---
name: bio-workflows-biomarker-pipeline
description: End-to-end biomarker discovery workflow from expression data to validated biomarker panels. Covers feature selection with Boruta/LASSO, classifier training with nested CV, and SHAP interpretation.

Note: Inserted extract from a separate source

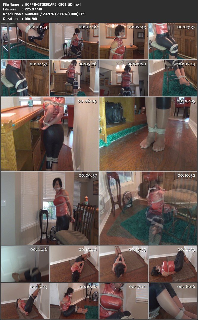 this was a 20 minute customs which I had lots of fun with. After the short intro, the clip starts with me tied at the ankles, above the knees, over and under my tits and arms behind my back. I am wearing shiny sexy black capri leggings, a slinky silky red sleeveless turtleneck top and red soled black six inch pumps – super high heels. I am tied sitting on a bar stool wiggling my feet and moaning through the white cleave gag. I manage to wiggle a shoe leaving it dangling off my foot. Then kick it off and do the same to the remaining shoe. I am now in my stocking feet and I just know I can make it off this high bar stool. I stumble off and hop around looking for a way to escape. I hop around and around the bar, across the living room floor and finally end up at the front door!!! I can´t seem to get myself to the ground so I hop back to the bar and use a chair for leverage to lower myself without falling. Since I am so tightly bound this is very very difficult. aaaahhh at last I am on my ass and I wiggle and squirm over to the front door. I walk my feet up to the door knob and begin to try to open the door with my feet!!!! This is no easy task and I start to get oh so frustrated. I grunt and groan and struggle over and over and my feet just slip all around the door knob without twisting it. I get soooooooooooooo discouraged and I wiggle and twist my body around like crazy until I feel the ropes on my wrists begin to loosen. Oh yayyyyyyyy!!! I know I got this!!! Escape is minutes away – I just know it. Finally my hand are free, but my arms remain securely bound to my body and despite my persistent movements, these ropes are there to stay. No wiggle room there at all. I reach down to my bound ankles and swiftly get them untied. The door is so very close, but wait!!!! I can´t leave without my shoes. I fumble across the room to pick up my shoes and hop/run to the door to escape – freedom at last!!!! oh yeah and then I blow a kiss per the client´s request :)))

Use when building and validating diagnostic or prognostic biomarker signatures from omics data.
tool_type: python
primary_tool: sklearn
workflow: true
depends_on:
  - machine-learning/biomarker-discovery
  - machine-learning/model-validation
  - machine-learning/omics-classifiers
  - machine-learning/prediction-explanation
qc_checkpoints:
  - after_selection: "Selected features >5 and <200, stability >0.6"
  - after_cv: "Nested CV AUC >0.7, fold variance <0.1"
  - after_interpretation: "Top 20 SHAP features: >50% overlap with selected features"
---

# Biomarker Discovery Pipeline

Complete pipeline from expression data to validated biomarker panels with classifier.

## Workflow Overview

```
Expression matrix + Metadata
    |
    v
[1. Data Preparation] -----> StandardScaler, train/test split
    |
    v
[2. Feature Selection] ----> Boruta or LASSO stability selection
    |
    v
[3. Model Training] -------> RandomForest/XGBoost with nested CV
    |
    v
[4. Model Interpretation] -> SHAP values, feature importance
    |
    v
[5. Validation] -----------> Hold-out test, bootstrap CI
    |
    v
Validated biomarker panel + classifier
```

## Step 1: Data Preparation

```python
import pandas as pd
from sklearn.model_selection import train_test_split
from sklearn.preprocessing import StandardScaler

expr = pd.read_csv('expression.csv', index_col=0)
meta = pd.read_csv('metadata.csv', index_col=0)

X = expr.T  # samples x genes
y = meta.loc[X.index, 'condition'].values

# test_size=0.2: Standard 80/20 split; use 0.3 for <100 samples
X_train, X_test, y_train, y_test = train_test_split(
    X, y, test_size=0.2, stratify=y, random_state=42
)

# Fit scaler on training only to prevent data leakage
scaler = StandardScaler()
X_train_scaled = scaler.fit_transform(X_train)
X_test_scaled = scaler.transform(X_test)
```

**QC Checkpoint 1:** Check class balance, sample counts per group
- Minimum 10 samples per class recommended
- Classes should be reasonably balanced (ratio <3:1)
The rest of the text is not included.